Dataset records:
###

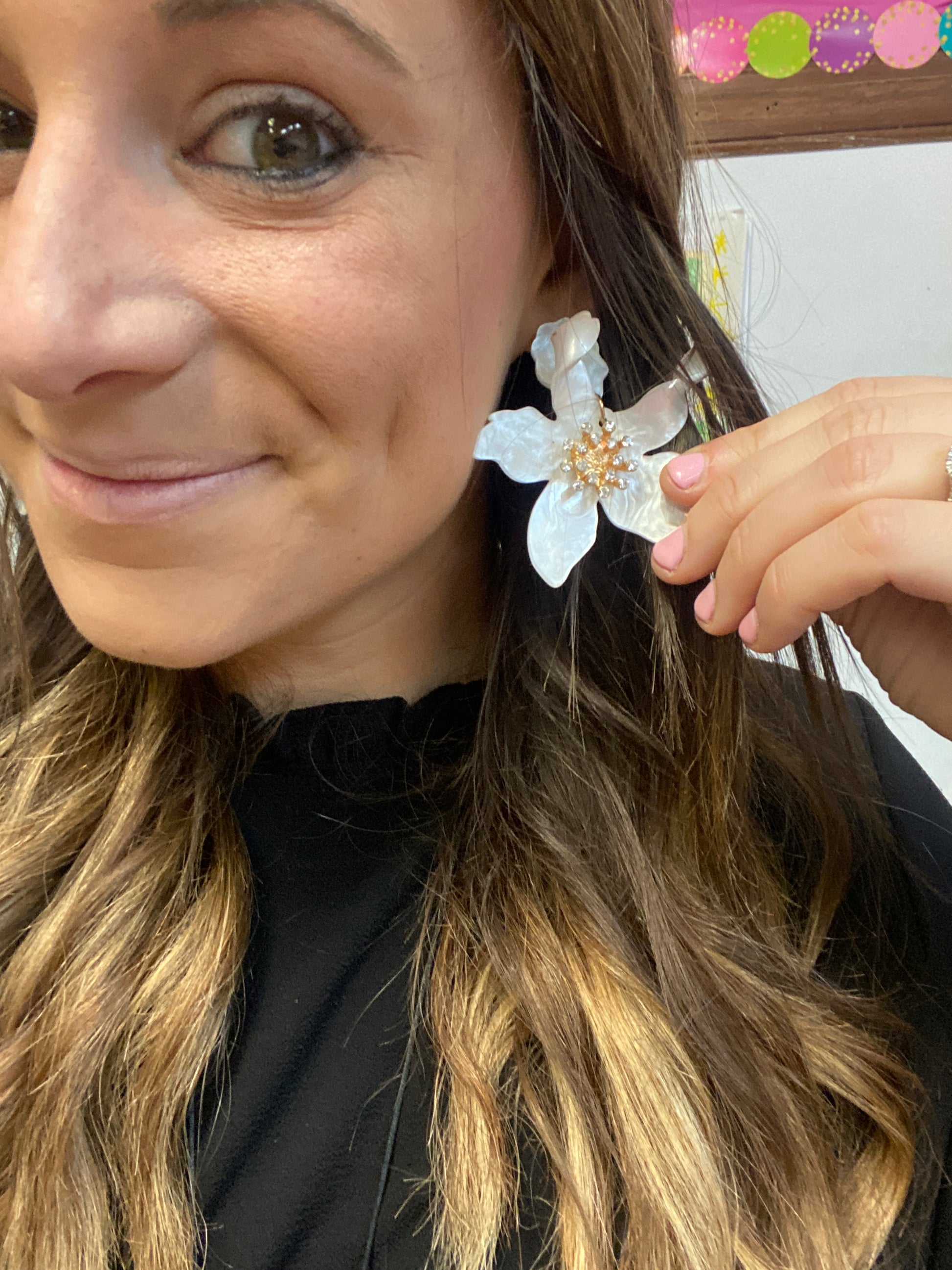 These earrings are made with acrylic and resin with gold plated center to add shine to any outfit!
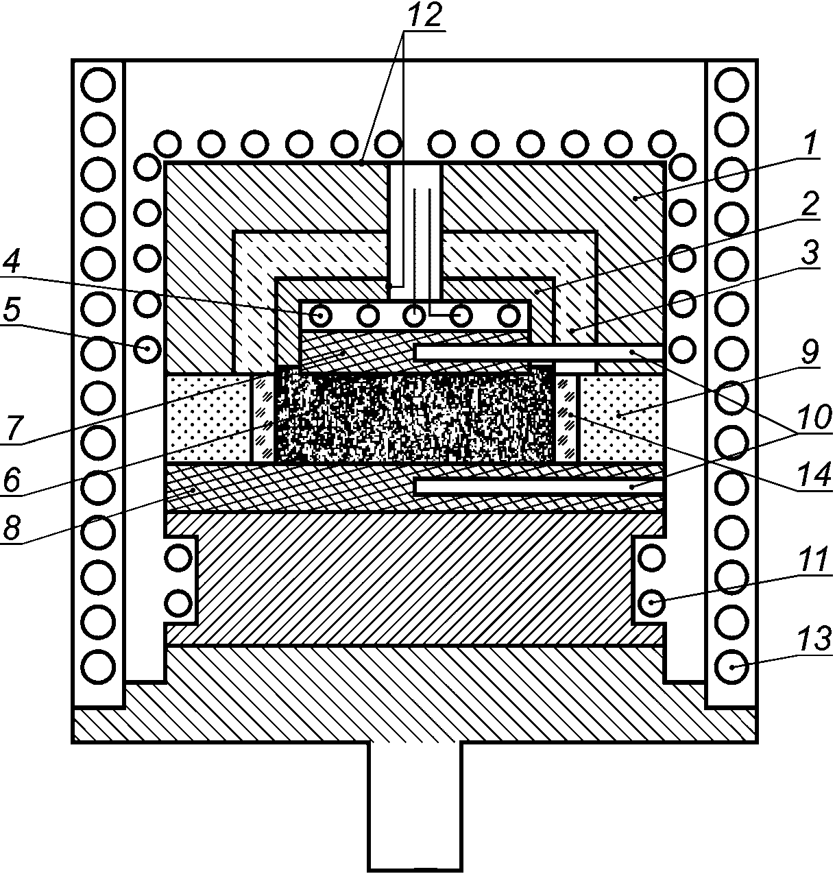 Экспериментальная установка состоит из двух цилиндриков - стаканов из нержавеющей стали 1, 2, между которыми запрессован слой тугоплавкого полупроводника - сульфида гадолиния 3. Они образуют высокотемпературную дифференциальную поверхностную термопару для контроля компенсации тепловых утечек с поверхности градиентного нагревателя 4, вмонтированного внутри меньшего стакана. Компенсационный нагреватель 5 намотан на поверхность внешнего стакана - второго электрода дифференциальной термопары, тщательно изолировав его от корпуса прибора. Образец исследуемого вещества 6 в виде таблетки диаметром, равным диаметру градиентного нагревателя - меньшего стакана, зажат между рабочими поверхностями прибора 7 и холодильника 8 и засыпан теплоизоляционным материалом - ультралегковесом 9 для уменьшения тепловых потерь с боковой поверхности. Перепад температуры на образце исследуемого материала измеряется двумя вольфрам-рениевыми термопарами 10. Регулировка градиента температуры на образце осуществляется высокоточным регулятором температуры РИФ 101 с помощью нагревателей 11, 13. При исследовании теплопроводности расплавов образец закладывается в кварцевое кольцо-контейнер 14. Выводы 12 от термоэлектродов поверхностной термопары подводятся к чувствительному гальванометру или потенциометру. Фиксируя с большой точностью (0,01 К) разность температур между поверхностями градиентного и компенсационного нагревателей и регулируя мощность компенсационного нагревателя, можно добиться нулевой разности температур между ними, что свидетельствует об отсутствии тепловых утечек с корпуса градиентного нагревателя.
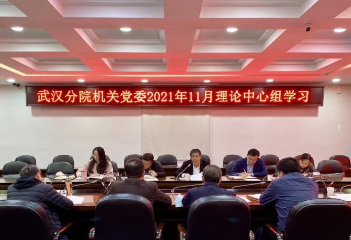 11月12日上午,武汉分院机关党委组织召开理论中心组学习研讨会。武汉分院分党组成员、纪检组组长,机关党委书记蔡长塔,机关党委副书记、委员,各党支部书记,机关党办人员参加会议。会议由机关党委副书记洪成浩主持。
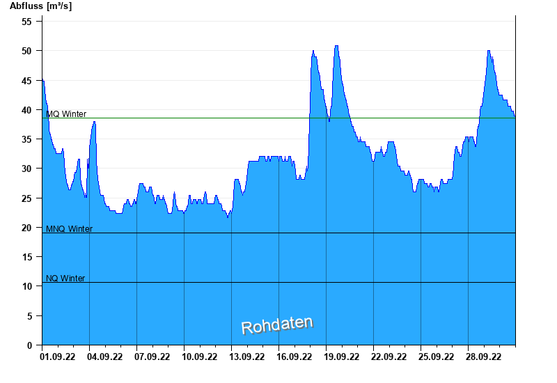 - Mittlerer Niedrigwasserabfluss MNQ 19 m³/s
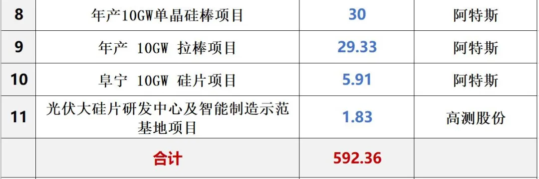 到了2021年至今,光伏产业链的扩产更为凶猛。我们看看2021年的一些扩产数据:
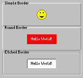 Border(String label, int x, int y, int width, int height, int style) | Erzeugt eine neue Border mit der angegebenen Beschriftung, Position und Größe. Für den style -Parameter stehen folgende Kostanten zur Auswahl: STYLE_SIMPLE_BORDER , STYLE_ROUND_BORDER und STYLE_ETCHED_BORDER . |
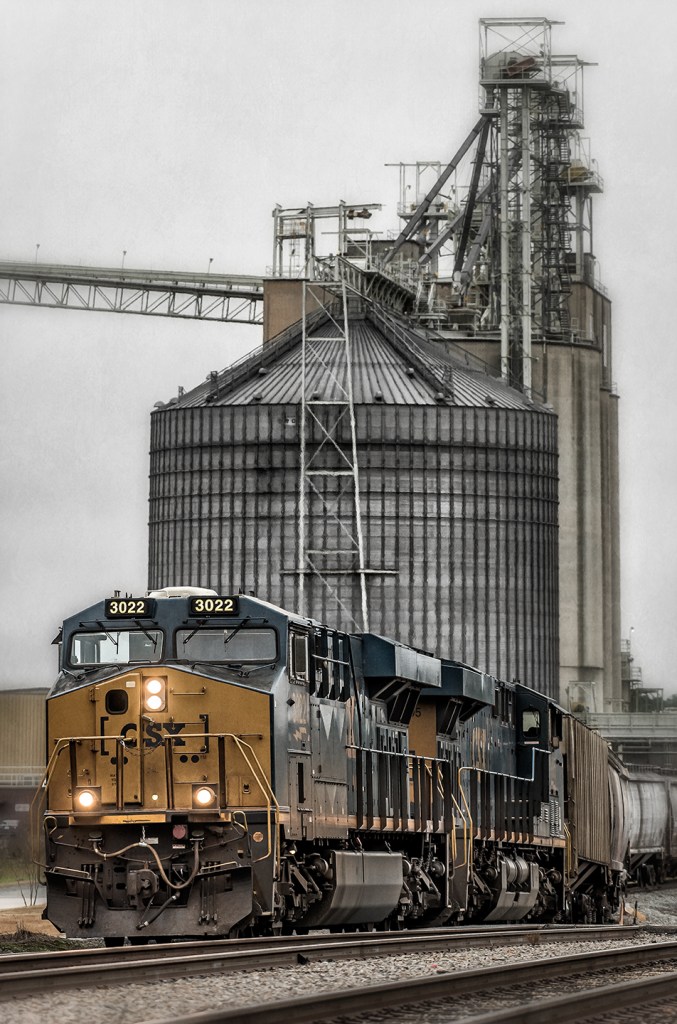 A CSX powered grain consist unloading cars at the Perdue feed mill in Candor, North Carolina on a recent winter day.

###

What you are asked to do:
Each entry is to be given again exactly as it stands, with its pictures removed.

Your response:
 These earrings are made with acrylic and resin with gold plated center to add shine to any outfit!
 Экспериментальная установка состоит из двух цилиндриков - стаканов из нержавеющей стали 1, 2, между которыми запрессован слой тугоплавкого полупроводника - сульфида гадолиния 3. Они образуют высокотемпературную дифференциальную поверхностную термопару для контроля компенсации тепловых утечек с поверхности градиентного нагревателя 4, вмонтированного внутри меньшего стакана. Компенсационный нагреватель 5 намотан на поверхность внешнего стакана - второго электрода дифференциальной термопары, тщательно изолировав его от корпуса прибора. Образец исследуемого вещества 6 в виде таблетки диаметром, равным диаметру градиентного нагревателя - меньшего стакана, зажат между рабочими поверхностями прибора 7 и холодильника 8 и засыпан теплоизоляционным материалом - ультралегковесом 9 для уменьшения тепловых потерь с боковой поверхности. Перепад температуры на образце исследуемого материала измеряется двумя вольфрам-рениевыми термопарами 10. Регулировка градиента температуры на образце осуществляется высокоточным регулятором температуры РИФ 101 с помощью нагревателей 11, 13. При исследовании теплопроводности расплавов образец закладывается в кварцевое кольцо-контейнер 14. Выводы 12 от термоэлектродов поверхностной термопары подводятся к чувствительному гальванометру или потенциометру. Фиксируя с большой точностью (0,01 К) разность температур между поверхностями градиентного и компенсационного нагревателей и регулируя мощность компенсационного нагревателя, можно добиться нулевой разности температур между ними, что свидетельствует об отсутствии тепловых утечек с корпуса градиентного нагревателя.
 11月12日上午,武汉分院机关党委组织召开理论中心组学习研讨会。武汉分院分党组成员、纪检组组长,机关党委书记蔡长塔,机关党委副书记、委员,各党支部书记,机关党办人员参加会议。会议由机关党委副书记洪成浩主持。
 - Mittlerer Niedrigwasserabfluss MNQ 19 m³/s
 到了2021年至今,光伏产业链的扩产更为凶猛。我们看看2021年的一些扩产数据:
 Border(String label, int x, int y, int width, int height, int style) | Erzeugt eine neue Border mit der angegebenen Beschriftung, Position und Größe. Für den style -Parameter stehen folgende Kostanten zur Auswahl: STYLE_SIMPLE_BORDER , STYLE_ROUND_BORDER und STYLE_ETCHED_BORDER . |
 A CSX powered grain consist unloading cars at the Perdue feed mill in Candor, North Carolina on a recent winter day.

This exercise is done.